ASSIGNMENT: With the pictures set aside, return the lines below exactly, beginning at the first and ending at the line containing "Медь. 5 копеек".
● ● ● ● ●
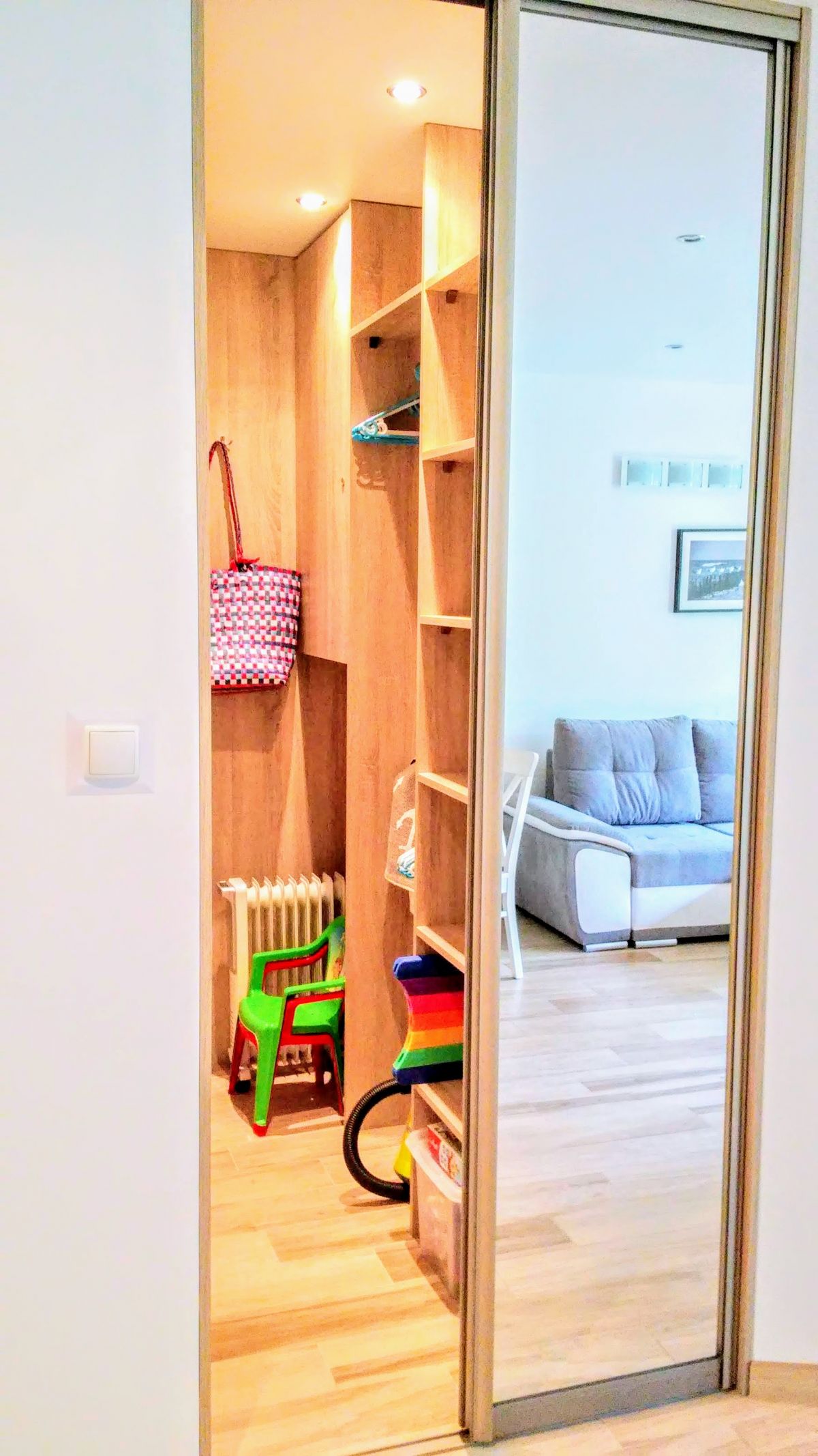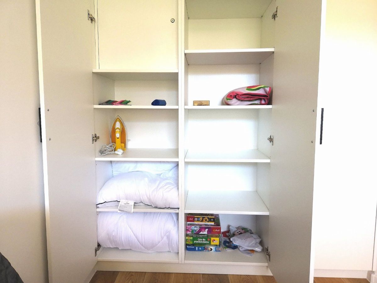 - garderoba - szafki do przechowywania, wieszaki, odkurzacz, deska do prasowania, żelazko, suszarka, łóżeczko turystyczne, leżaki plażowe (4), parawan plażowy
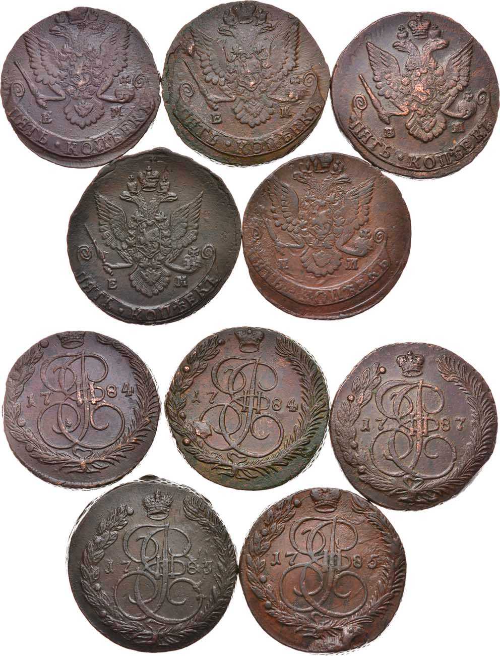 Медь. 5 копеек 1784 года. ЕМ. 56,24 г. 5 копеек 1784 года. ЕМ. 53,32 г. 5 копеек 1785 года. ЕМ. 56,75 г. 5 копеек 1785 года. ЕМ. 47,23 г. 5 копеек 1787 года. ЕМ. 53,72 г.
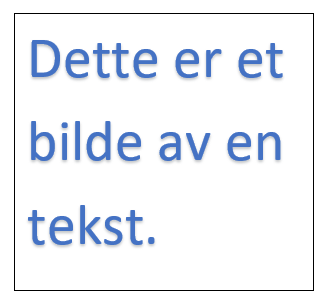 Alternativ tekst for bilderLytt til tekstenStopp avspillingDen alternative teksten skal beskrive bildet for brukere som har problemer med å se bilder. Publisert av ACOS System Sist endret 22.11.2023 09:35 Denne informasjonen er eldre enn 1 år og kan være utdatert Informativt bilde skal ha gode alternative teksterAlle informative bilder skal ha alternativ tekst.Skriv kort og begynn med det viktigste.I den alternative teksten skal du beskrive hva som er på bildet. Alternativ tekst vil ikke vises, men vil bli lest opp av skjermleser. Eksempel på et informativt bilde Bilde av tekstIkke bruk bilde av tekst. Tekst skal du så langt som mulig presentere som tekst, og ikke som bilde av tekst. Lenkede bilderDen alternative teksten for lenkede bilder blir lenketeksten for sterkt svaksynte brukere. Beskriv lenkemålet i den alternative teksten til bilder. Dekorative bilderMerk at rent dekorative bilder skal ha attributt for alternativ tekst, men atributten skal være tomt, alt="". På bakgrunn av dette, er alt-tekst fjernet i denne oversikten og bildet ikke klikkbartEndringsønsker for alternativ-tekstTest av alternativ tekst for bilderVerktøy: WebDeveloperTest at informative bilder har forklarende alternativ tekst.Test at det ikke er benyttet bilder av tekst.Test at lenkede bilder har alternativ tekst som forklarer lenkemålet.Bannerbilder bilder regnes som illustrative bilder og skal ikke ha atributt for alternativ tekst. Vil du se denne videoen må du godkjenne funksjonelle informasjonskapsler. Vil du se denne videoen må du godkjenne funksjonelle informasjonskapsler. Hvordan skal du benytte altattributt for bilder?*Se forklaringer under tabellenInneholder bildet tekst?Nei: Fortsett til 2 ⬇️ Ja, og hvis...teksten er også i artikkelteksten i nærhetenBruk et tomt altattributt. Se dekorative bilderteksten vises kun for visuelle effekter.Bruk et tomt altattributt. Se dekorative bilderteksten har en spesifikk funksjon, for eksempel er et ikon.Bruk altattributtet for å kommunisere funksjonen til bildet. Se funksjonelle bilderog teksten i bildet er ellers ikke til stede.Bruk altattributtet for å inkludere teksten til bildet. Se bilder av tekst .2. Er bildet brukt i en lenke eller en knapp? Kan du unngå å bruke bilde som lenke?Nei: Fortsett til 3 ⬇️ Ja:Bruk altattributtet for å kommunisere lenkemålet for koblingen eller handlingen som er utført. Bidrar bildet med mening til gjeldende side eller kontekst?Nei: Fortsett til 4 ⬇️Ja:... og det er grafikk eller fotografi.Bruk en kort beskrivelse av bildet på en måte som formidler den meningen i altattributtet. Se informative bilder.… og det er en graf el.Ta med informasjonen i bildet et annet sted på siden. Se komplekse bilder .og det viser innhold som er overflødig for ekte tekst i nærheten.Bruk et tomt altattributt. Se funksjonelle bilder .4. Bidrar bildet med mening til gjeldende side eller kontekst?Nei: Fortsett til 5 ⬇️Ja:... og det er en enkel grafikk eller fotografi.Bruk en kort beskrivelse av bildet på en måte som formidler den meningen i altattributtet.… og det er en graf eller et komplekst stykke informasjon.Ta med informasjonen i bildet et annet sted på siden.… og det viser innhold som er overflødig for ekte tekst i nærheten.Bruk et tomt altattributt.5. Er bildet rent dekorativt eller ikke ment for brukeren?Nei:Denne guiden dekker ikke alle tilfeller.Se om du finner mer informasjon på w3c sine sider om bildebrukJa:Bruk et tomt altattributt.Se Dekorative bilder . WCAG kravnummer: - 1.1.1 ikke-tekstlig innhold, 1.4.5 bilde av tekst
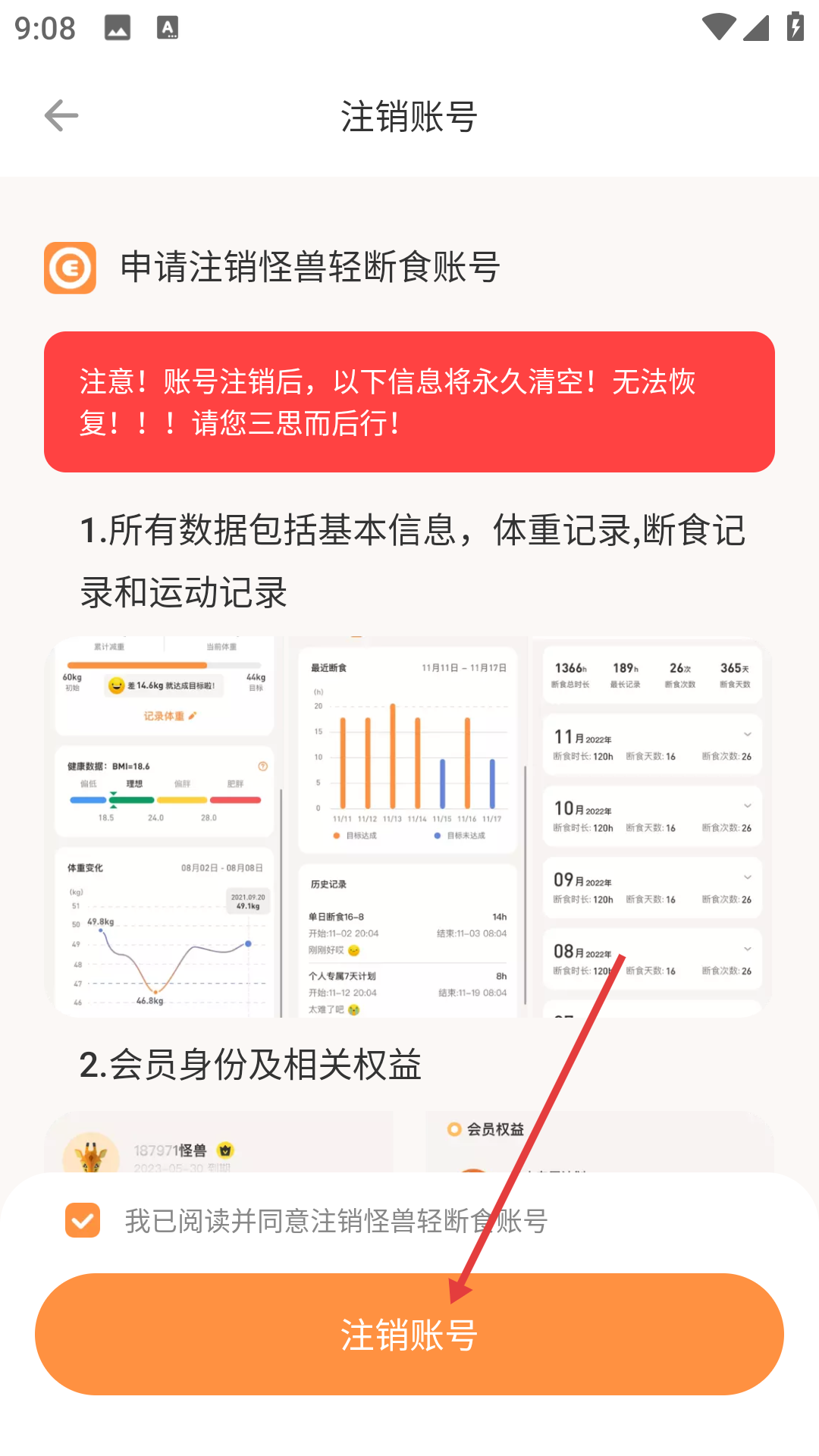 3、在注銷賬號(hào)頁(yè)面閱讀注銷須知,勾選同意協(xié)議。
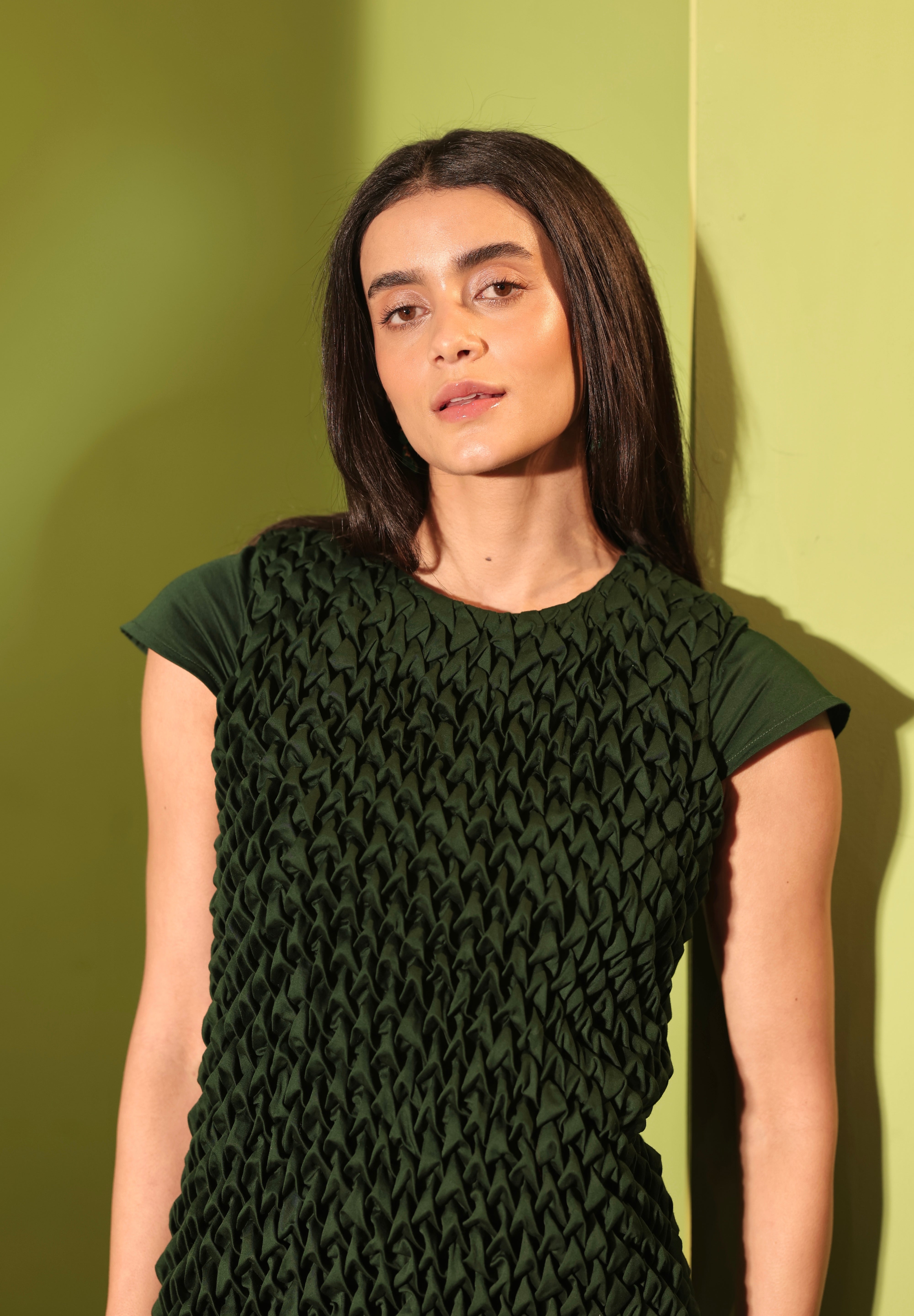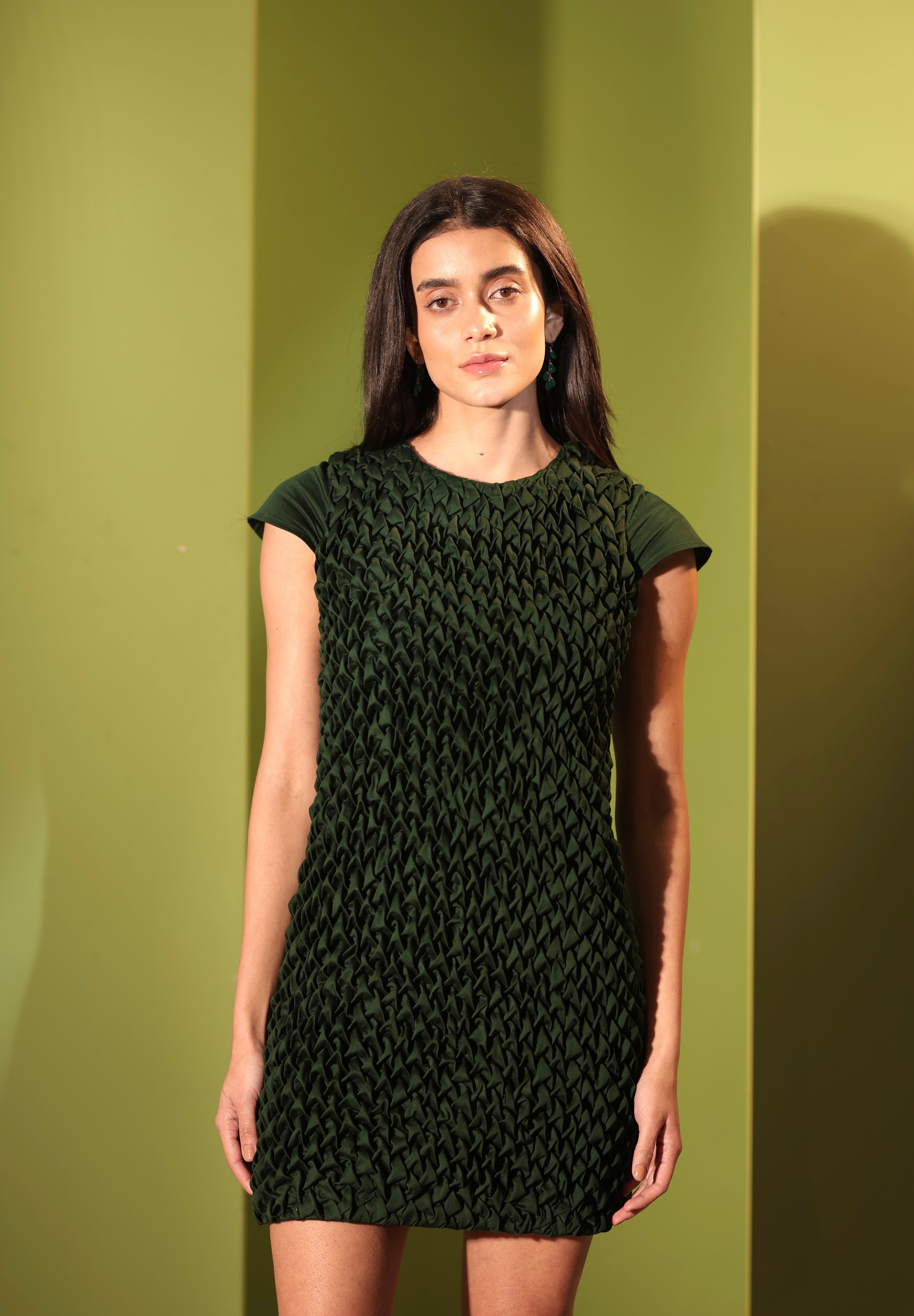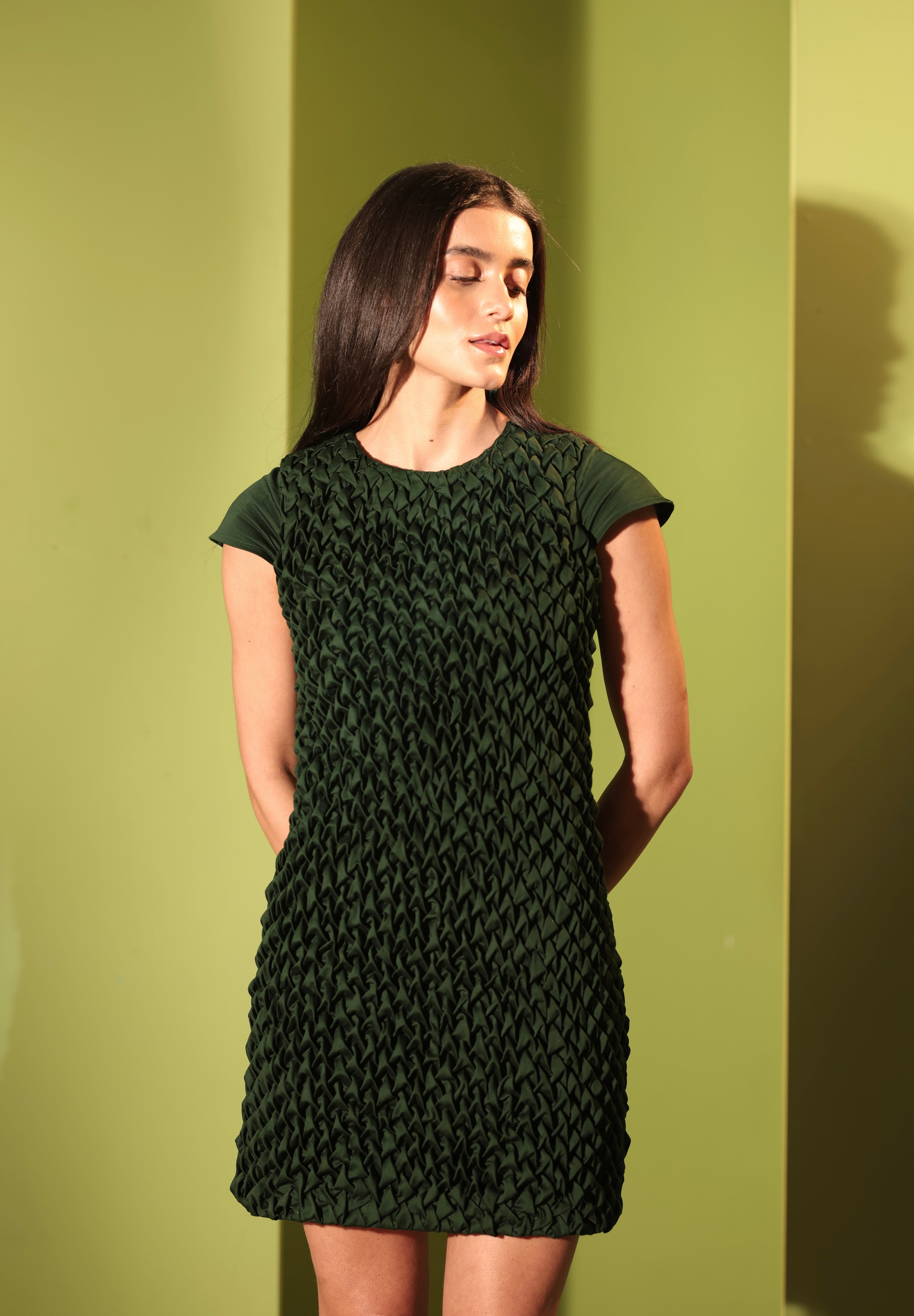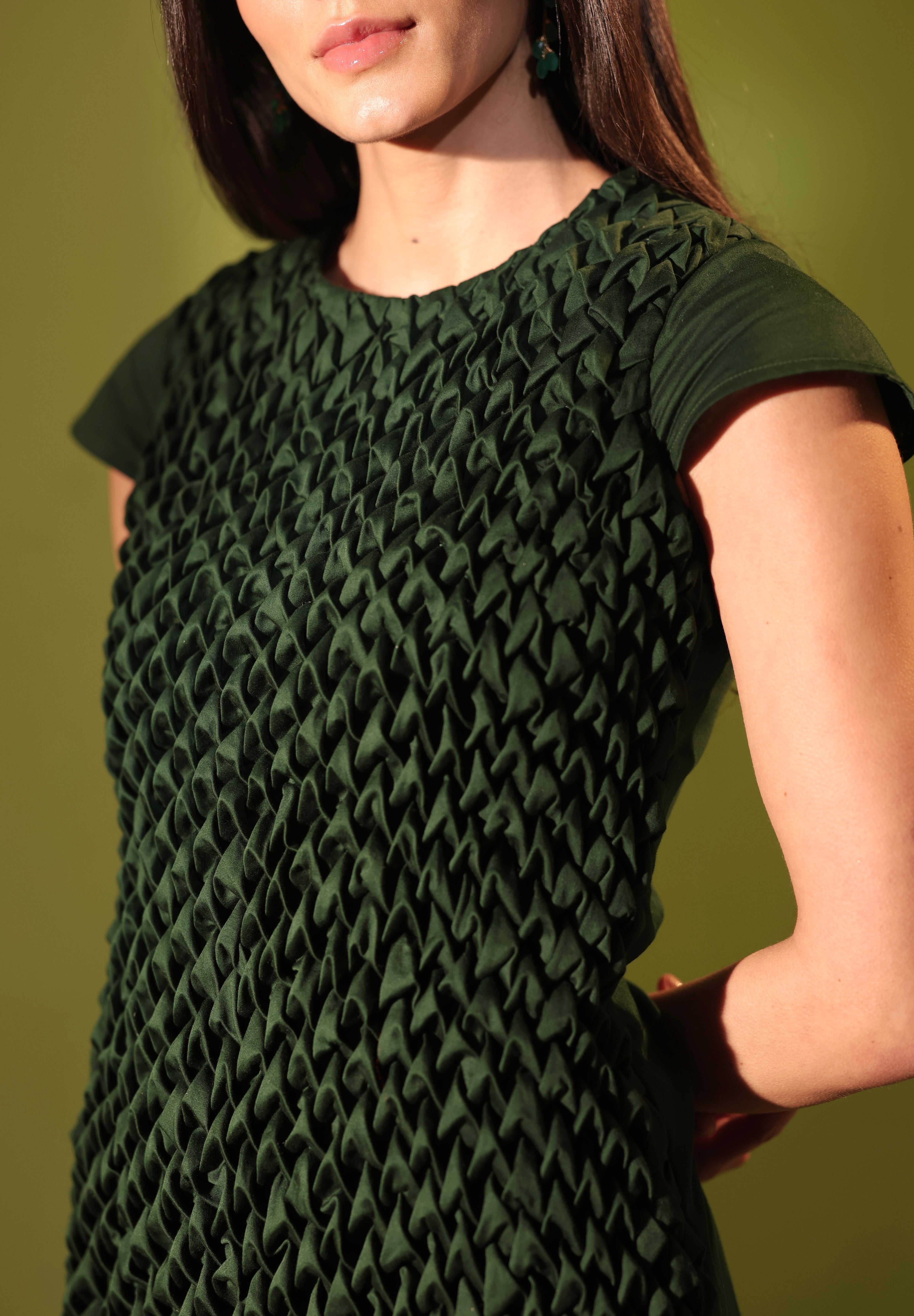 The Emerald Smocked Dress consists of highly intricate handcrafted fabric manipulation throughout the body. The silhouette consists of a simple A-line body, round neck, cap sleeves and a back zipper. The cotton satin fabric is butter soft to the skin, creating both visual interest and structure. Make a statement in this stylish yet comfortable dress, all while basking in the glory of the richness of the royal emerald green colour.
● ● ● ● ●
OUTPUT:
 - garderoba - szafki do przechowywania, wieszaki, odkurzacz, deska do prasowania, żelazko, suszarka, łóżeczko turystyczne, leżaki plażowe (4), parawan plażowy
 Медь. 5 копеек 1784 года. ЕМ. 56,24 г. 5 копеек 1784 года. ЕМ. 53,32 г. 5 копеек 1785 года. ЕМ. 56,75 г. 5 копеек 1785 года. ЕМ. 47,23 г. 5 копеек 1787 года. ЕМ. 53,72 г.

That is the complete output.